Jakarta (optika.id) - Uskup Agung Jakarta Kardinal Mgr Ignatius Suharyo memberikan tanggapan terhadap gelombang kritik yang disampaikan oleh sivitas akademika dari berbagai kampus di Indonesia terhadap pemerintahan Presiden Joko Widodo (Jokowi) menjelang Pemilu 2024. Suharyo mengatakan bahwa kritik terhadap penguasa merupakan hal yang wajar dan sudah ada sejak zaman kenabian.
Suharyo menyampaikan pandangannya dalam acara seruan terkait Pemilu 2024 di Grha Oikoumene, Salemba, Jakarta Pusat, Senin (5/2/2024). Ia mengatakan bahwa dalam perspektif iman Kristiani, kekuasaan selalu berisiko menjadi berbahaya jika tidak dijalankan dengan baik. Oleh karena itu, perlu ada nabi-nabi atau orang-orang yang menyerukan kebenaran dan keadilan.
Baca juga: Pertemuan Tertutup Jokowi dan Prabowo: Momen Penting di Solo
Dalam sejarah itu selalu ada kerajaan. Dan kerajaan itu sama dengan kekuasaan. Kita semua tahu kekuasaan itu berbahaya kalau tidak dijalankan dengan baik. Maka ketika ada institusi kerajaan, pada waktu itu raja-raja tidak bagus, munculah nabi-nabi. Itulah yang menyerukan kebenaran, keadilan, kata Suharyo, seperti dikutip dari Kompas TV.
Suharyo menilai bahwa dinamika seperti itu selalu ada di setiap zaman, termasuk di Indonesia saat ini. Ia mengatakan bahwa sivitas akademika memiliki tanggung jawab untuk menyampaikan kritik terkait moral kepada institusi yang memegang kekuasaan. Ia berharap bahwa kritik-kritik tersebut dapat didengarkan dan direspon dengan baik oleh pemerintah.
Dinamika seperti itu dalam sejarah selalu ada. Semoga seruan-seruan seperti itu didengarkan. Kalau tidak didengarkan dalam sejarah juga jelas, ketika kekuasaan tidak mendengarkan kritik-kritik bahayanya adalah tumbang. Bukan hanya di Indonesia, tetapi di mana pun akan terjadi, ujarnya.

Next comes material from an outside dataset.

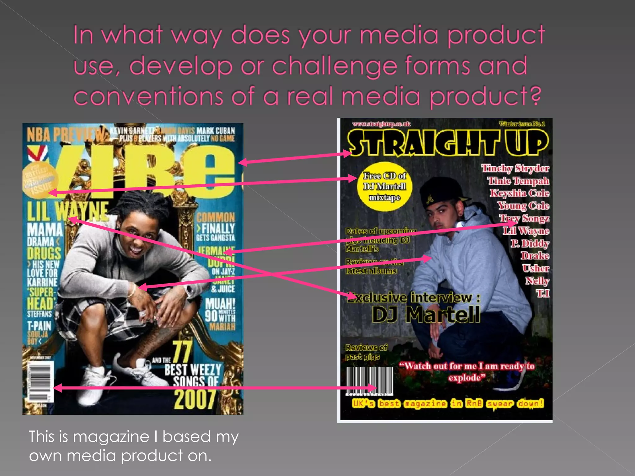 The document describes a magazine the author created to conform to conventions of real music magazines. It includes a glossy front cover with an image of the featured artist to attract audiences. The front cover also displays the magazine title, pull quotes, and a listing of what's included inside. The magazine uses conventions like advertisements, a contents page, and a double-page spread layout including a full-page artist image and interview. It aims to represent and attract a young, 16-21 age group through language, featured artists, and topics like upcoming parties and popular dances. The author learned skills in using programs like Photoshop and InDesign to lay out the magazine professionally.

Baca juga: Aneh! Jelang Lengser Kepuasan Terhadap Jokowi Tinggi, tapi Negara Bakal Ambruk
Suharyo juga mengatakan bahwa kekuasaan dan kritik harus berjalan bersama-sama, agar dapat menciptakan kehidupan demokrasi yang sehat dan bermartabat. Ia mengajak seluruh elemen bangsa untuk menjaga persatuan dan kerukunan dalam menghadapi Pemilu 2024.
Dalam kesempatan yang sama, Wakil Ketua Umum Majelis Ulama Indonesia (MUI) Marsudi Syuhud juga memberikan tanggapan terkait kritik dari sivitas akademika. Marsudi mengatakan bahwa kritik merupakan vitamin yang dapat menyehatkan demokrasi. Ia menyebut kritik yang disampaikan oleh sivitas akademika bukan untuk merobohkan, melainkan untuk membangun Indonesia yang lebih baik.

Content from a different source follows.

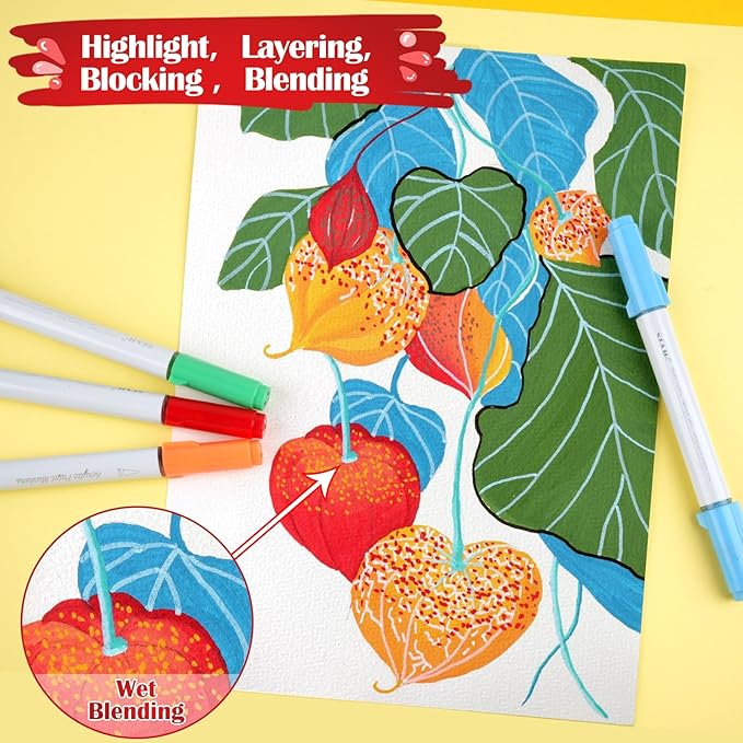 - High Coverage & Excellent Color Rendering: Whether on dark or black surfaces, bright-colored inks (such as blue and purple) can be clearly displayed, creating a striking contrast; on light surfaces, the colors remain vibrant and vivid, without appearing dull or blurry. Mistakes are easily fixed—simply let the ink dry and cover with the same marker. User-friendly acrylic markers are perfect for beginners, kids, and creative projects.

Kritik itu biasa, karena kritik itu adalah vitamin. Kalau vitaminnya pas, itu akan menyehatkan bangsa ini, akan menyehatkan demokrasi ini. Atas kritik yang banyak, kritik itu membangun, kritik itu bukan merobohkan, tapi untuk memperkuat, untuk membangun, kata Marsudi.
Baca juga: Dosa-dosa Jokowi
Sebelumnya, diberitakan bahwa sivitas akademika dari berbagai kampus di Indonesia telah menerbitkan pernyataan sikap atau maklumat kebangsaan yang mengkritik situasi demokrasi di Indonesia menjelang Pemilu 2024. Kritik tersebut mulai disampaikan usai Jokowi menyatakan bahwa presiden boleh berpihak dan berkampanye.
Beberapa kampus yang telah menyatakan sikap antara lain Universitas Gadjah Mada (UGM), Universitas Islam Indonesia (UII), Universitas Andalas (Unand), Asosisasi Perguruan Tinggi Katolik (APTIK), Universitas Indonesia (UI), Universitas Pendidikan Indonesia (UPI), Universitas Jember (Unej), Universitas Islam Negeri (UIN) Syarif Hidayatullah, UIN Sunan Kalijaga, Universitas Islam Bandung (Unisba), dan Sekolah Tinggi Filsafat (STF) Driyarkara.